Cada persona humana es un don, un regalo del creador para el mundo, siendo único e irrepetible porque fue creado a imagen y semejanza del ser supremo de amor. Mientras que la imagen es la huella, la marca, el sello de Dios en cada ser humano, la semejanza es la capacidad de comunicación, de amistad con Dios. Por esta razón, la persona participa de la naturaleza y vida de Dios, invitado a vivir el amor y la comunión con el Dios Uno y Trino. Esto porque es el ser humano el ser más pleno que existe en la creación, así que por su relación única con Dios posee una identidad propia y particular, por lo cual se puede decir que no existen dos seres humanos iguales en cuanto a su mismidad o ser más profundo (Del Castillo, 2017).
El ser humano posee en su mismidad los dinamismos de permanencia y despliegue, que son impulsos constitutivos de su ser más íntimo, complementarios entre sí, y que hacen que sea siempre el mismo en cuanto a su ser más profundo, y que se realizan en el amor, la entrega y el servicio. Dichos impulsos fundamentales encuentran su traducción psicológica en las necesidades de seguridad y significación, que expresan la base segura que todo ser humano necesita, así como la recta valoración de sí mismo y la afectividad entendida como la capacidad de vibrar interiormente y la capacidad de amar y ser amado (Del Castillo, 2017).
En otras palabras, la persona, es un ser para el encuentro, invitado al amor, es un ser en relación y para la comunicación. Fue creada para vivir en una relación armónica, en los cuatro niveles de relación (Tokumura, 2015).
Por otro lado, Del Castillo (2017) establece que: “También hay que tener en cuenta la existencia del pecado” (p. 14). Entonces el pecado es una herida fundamental, la cual implica la ruptura del hombre en las relaciones fundamentales ya mencionadas: con Dios, consigo mismo, con los demás y con lo creado. Asimismo, oscurece la imagen y hace que se pierda la semejanza que es la capacidad de entrar en comunión plena con Dios. Esto afecta también la capacidad humana de amar correctamente, surge por ejemplo la dependencia emocional, las relaciones tóxicas y las conductas evasivas y adictivas. Por último, es importante recordar que al empañarse la imagen y perder la semejanza, el interior del hombre se ve oscurecido a causa del pecado, sus dinamismos fundamentales y sus necesidades psicológicas son decodificados e interpretados de manera errónea y equivocada (Tokumura, 2015).
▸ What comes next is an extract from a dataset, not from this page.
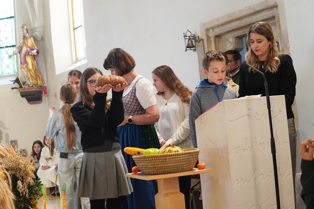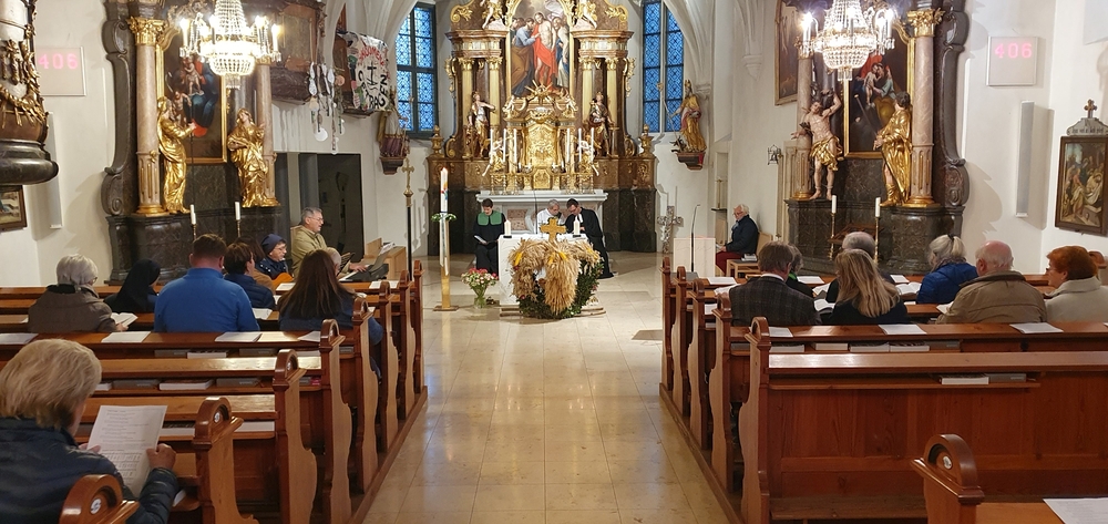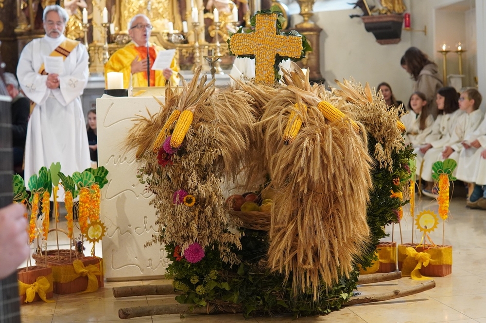 Nach dem feierlichen Einzug fand die Erntedankkrone, dieses liebevoll geschmückte Symbol reicher Ernte, vor dem Altar ihren Ehrenplatz. Danke der Landjugend Zettling für diese schöne Tradition!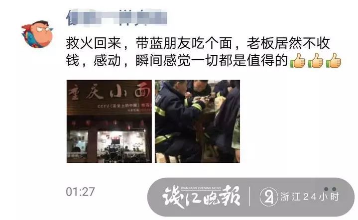 “救火回來,帶朋友吃個(gè)面,老板居然不收錢。感動(dòng),瞬間感覺一切都是值得的?!?/p>

Sin embargo, el hombre siempre estará buscando la felicidad y la reconciliación, puesto que sus dinamismos y sus necesidades apuntan al ser supremo, a un ideal trascendente, a un proyecto de vida que implique un propósito y una misión, que lo conduzcan a la felicidad que es el bien supremo perfecto, y su fin es la realización plena en sí mismo (Del Castillo, 2019).
Por todo ello es que, se puede decir que cada ser humano lleva inscrito en su mismidad una nostalgia de reconciliación, un anhelo infinito, una nostalgia de felicidad. La persona humana anhela ser feliz, anhela la paz y armonía, tiene una nostalgia de libertad y permanencia, de seguridad y encuentro que no llega a saciarse sino en el encuentro con el Señor Jesús. A este respecto, San Juan Pablo II (1984), comparte que: “Más la reconciliación no puede ser menos profunda de cuanto es la división. La nostalgia de reconciliación y la reconciliación misma serán plenas y eficaces en la medida en que lleguen -para así sanarla- a aquella laceración primigenia que es la raíz de todas las otras, la cual consiste en el pecado (No. 3).”
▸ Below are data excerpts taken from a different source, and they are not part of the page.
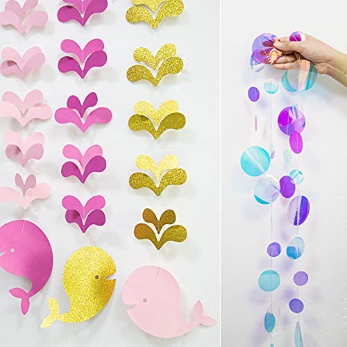PACKAGE INCLUDES: 3 strings of 6 ft holographic ocean blue and rose purple bubble garlands, 3 strings of 2 ft pink or glitter gold whale garlnd, to…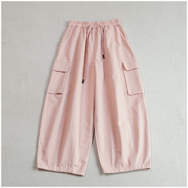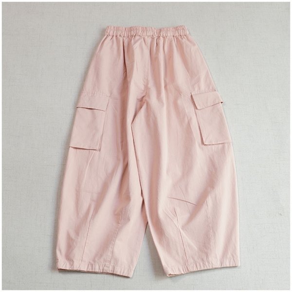 m 0704 パンツ ズボン 大きなポケット 綿100% 通気性手触り抜群 ゆったり オシャレ フリーサイズ ナチュラル オフピンク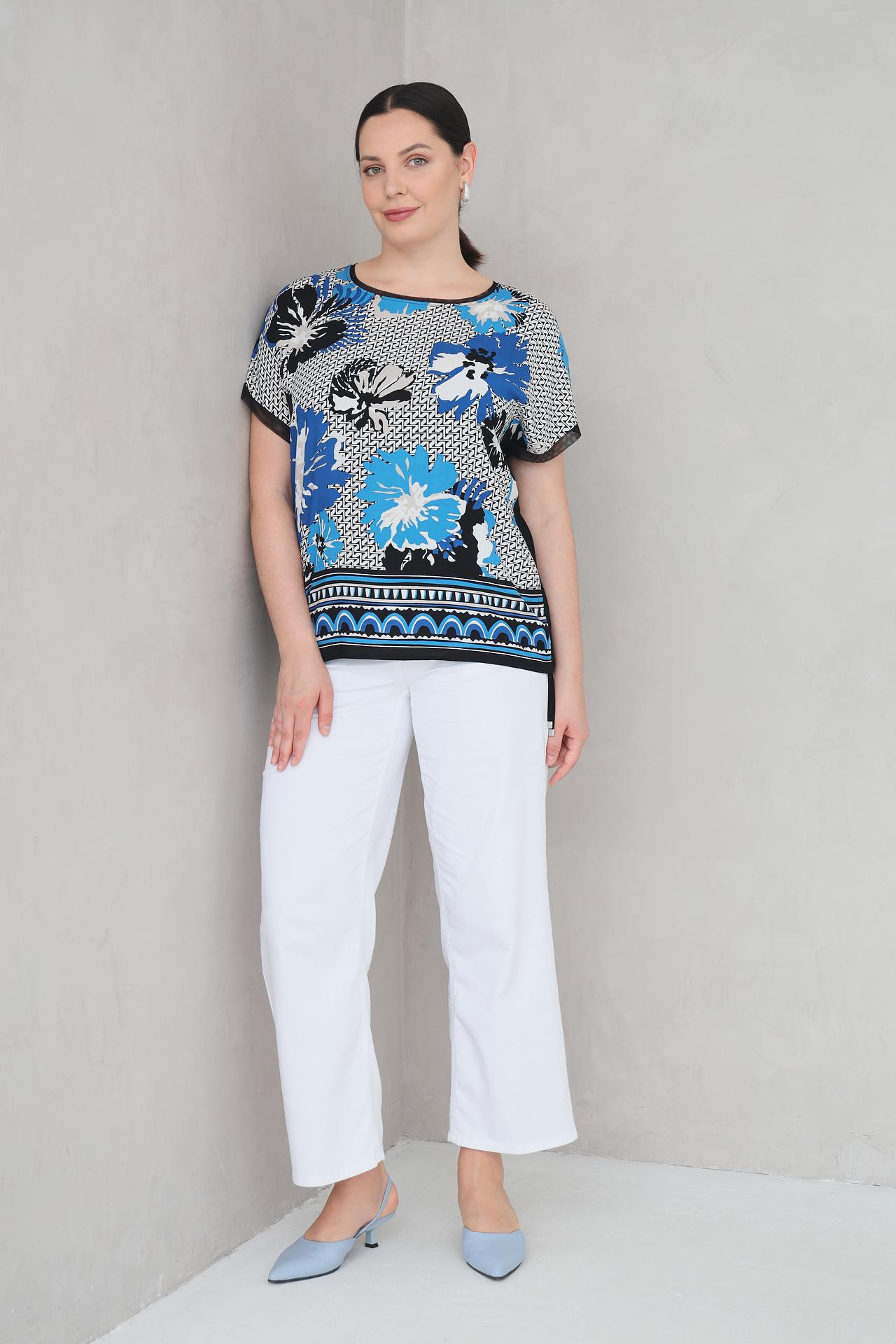 Универсальный дизайн и свободный крой делают эту блузу идеальным выбором для создания разнообразных образов. Она легко сочетается как с классическими брюками, так и с джинсами или юбками. Боковой разрез с декоративными завязками придает оригинальности образу.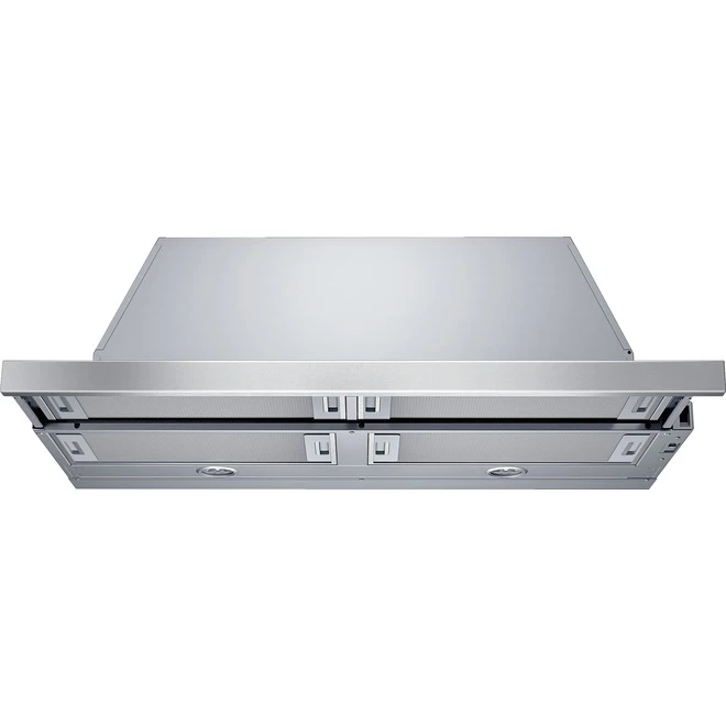 This Bosch 500 Series sleek integrated pull-out hood allows you to close the hood when not in use, providing a flush-look with cabinetry. This hood comes with a 500 CFM integrated blower and a convertible design so you can purchase a recirculation kit if needed. It has a 3-speed slider control, 2 halogen lights and dishwasher safe aluminum mesh filters. Backed by a 1-year limited warranty on parts and labour.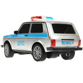 Яркая модель представляет собой копию полицейского автомобиля.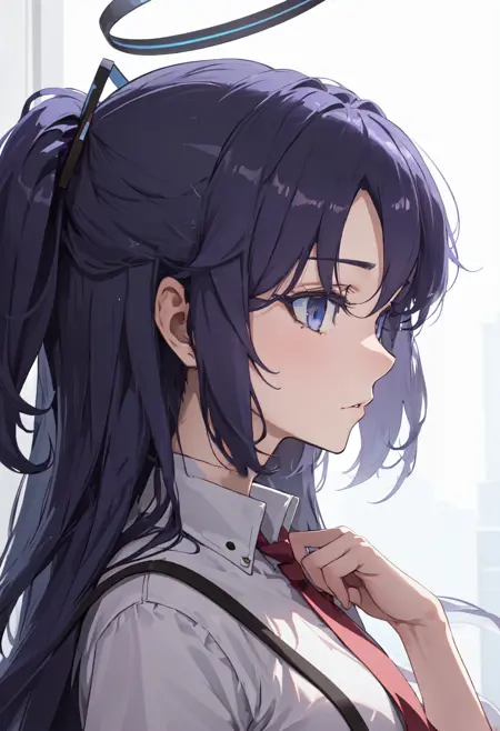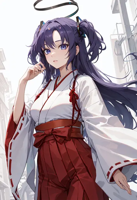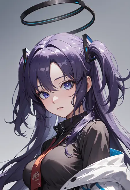 - 축소된 캐릭터 태그는 halo, purple hair, long hair, mechanical halo, purple eyes, breasts, two side up, blue eyes, parted bangs, ponytail, medium breasts입니다. 캐릭터의 핵심 특징(예: 머리색)이 안정적이지 않을 때 이 태그들을 프롬프트에 추가할 수 있습니다.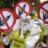Ao berro de "Se non tedes fillos, será culpa do millo!", membros da Plataforma Galega Antitransxénicos denunciaron que a iniciativa é insuficiente.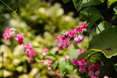 Wild bee looking for honey on a bloom Antigonon pink flower.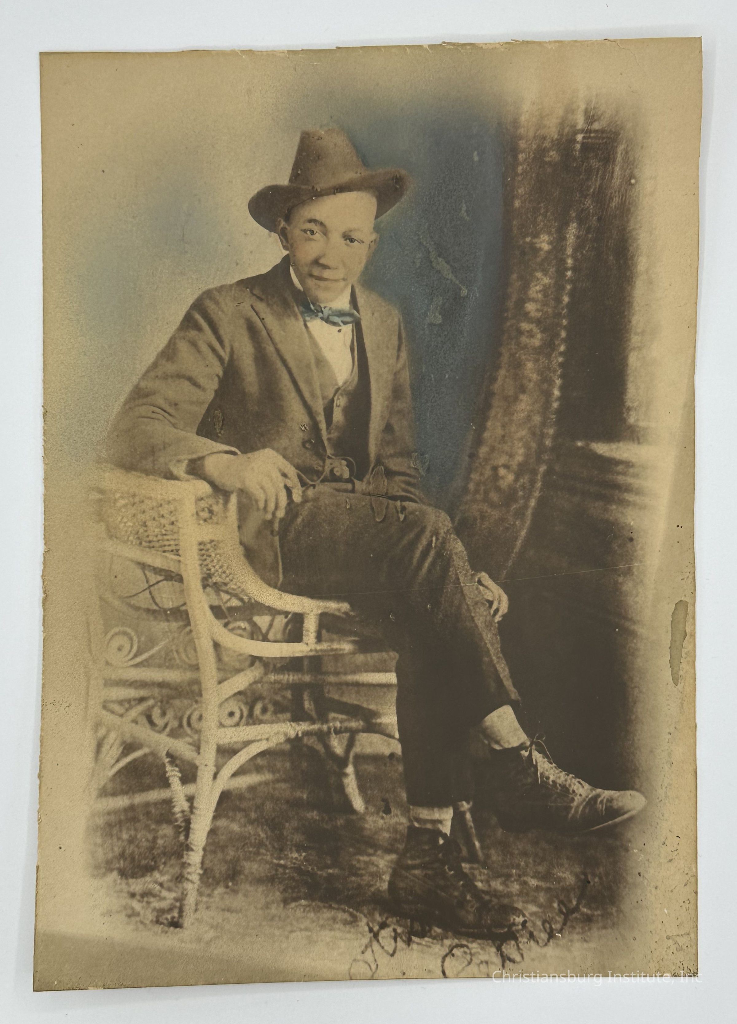 Unknown Man in Wicker Chair, undatedDescription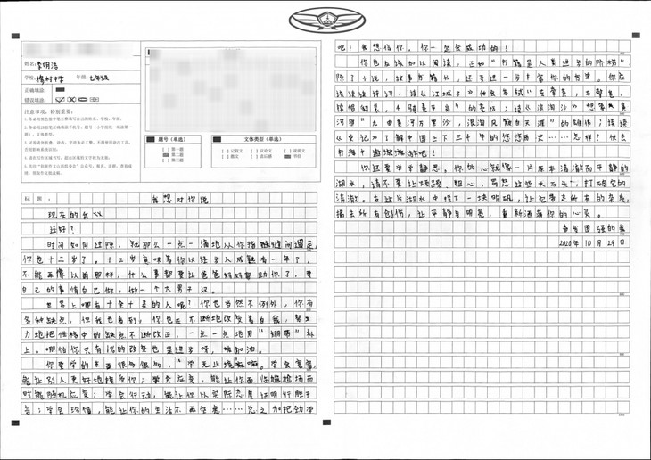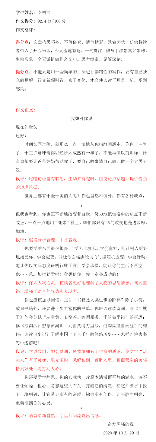 李明浩同学是个聪明、内向、腼腆的小男孩,热爱学习,热爱读书,热爱写作。希望在今后的学习生涯中一路向前,拥抱绿叶,拥抱红花,拥抱一切美的事物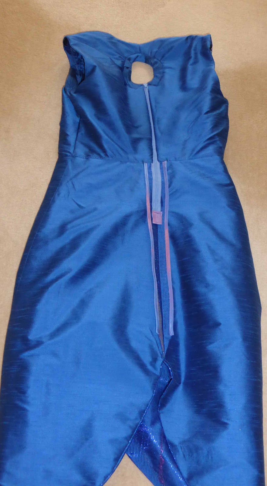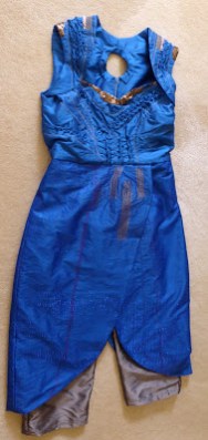 | The final bodice with sequin scales and pieces of the bronze trouser fabric for effect. |

“Llamados a la Reconciliación”, espera ser un granito de arena para aquellos buscadores insaciables de paz, armonía, unión, integración y fraternidad. Aquellos que se abren al don de la reconciliación en sus vidas e historias personales, a fin de que la gracia de Dios actué en sus existencias. “Y todo proviene de Dios, que nos reconcilió consigo mismo por Cristo y nos confió el ministerio de la reconciliación” (II Cor. 5, 18).
(Tomado del libro Llamados a la Reconciliación de Del Castillo & Caballero de la página 33 a la 37).